Потом я, правда, извинился… Она сказала что-то еще, голос у нее был слегка другой. Сейчас мне кажется, что я вовсе не уверен в том, что делаю. Мы с Италией доезжаем до недостроенного жилкорпуса, я целую ее руку. Я спешу с ней расстаться, но выхожу из машины и любезно вытаскиваю из багажника ее чемодан. Когда она исчезает в проеме ворот, когда этот неприятный местный запах всасывает и уносит ее с собой, я чувствую облегчение. Не теряя лишней секунды, я трогаю машину. Сегодня все эти места кажутся мне ужасными.

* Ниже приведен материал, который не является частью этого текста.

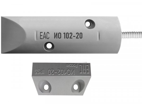 ИО 102-20 А2П (2) - извещатель накладной охранный точечный магнитоконтактный с нормально-открытого типа (НО) контактами, в корпусе из пластмассы и цвета (белый, серый, чёрный - указать в заказе), с проводным выводом в пластиковом гофрорукаве и длиной (0,6м) предназначен для блокировки гаражных ворот, ангаров, железнодорожных контейнеров, телефонных шкафов и других конструктивных магнитопроводящих (металлических) и магнитонепроводящих (алюминиевых, деревянных и т.д.) элементов зданий и сооружений на открывание и смещение с выдачей в шлейф приёмно-контрольного прибора извещения о тревоге путем размыкания контактов геркона.
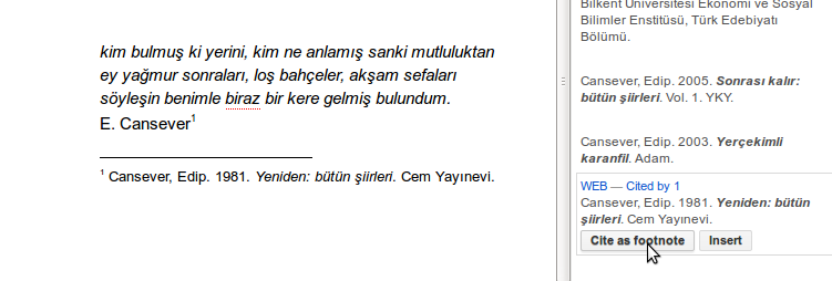Sağ tarafta açılan pencereden aramayı yapabilir, kaynağın linkini ya da referans olarak doğrudan ekleyebilirsiniz. Üstelik sadece Google Akademik değil, başka web sitelerine, resimlerinize de alıntıları doğrudan burdan halledebilirsiniz.

Я направляюсь прямо в больницу и окунаюсь в свою работу — сегодня я еще педантичнее обычного. Операционная сестра какая-то робкая, должно быть, из новеньких, она протягивает мне инструменты совсем уж задумчиво. Я выхожу из себя, пинцет падает у меня из рук, и я пинком отправляю его в дальний угол операционной.

В нашем домике у моря твоя мать принимается собирать вещи, лето кончилось. Я сижу в саду, смотрю на Большую Медведицу, Малую, на Полярную звезду. Эльза присоединяется ко мне; она в кардигане, наброшенном на плечи, в руке у нее стакан.

— Хочешь чего-нибудь выпить?

Я отказываюсь.

— Что с тобою? — говорит она.

— Да ничего.

Осень вступает в свои права, скоро море станет серого цвета, песок будет грязным, поднимется ветер, домик запрут на замок. Эльза всем своим существом ощущает эту легкую меланхолию. В постели она прижимается ко мне, ей нужны ласки.

— Ты уже спать собрался?

Я не подвигаюсь, остаюсь на своей половине.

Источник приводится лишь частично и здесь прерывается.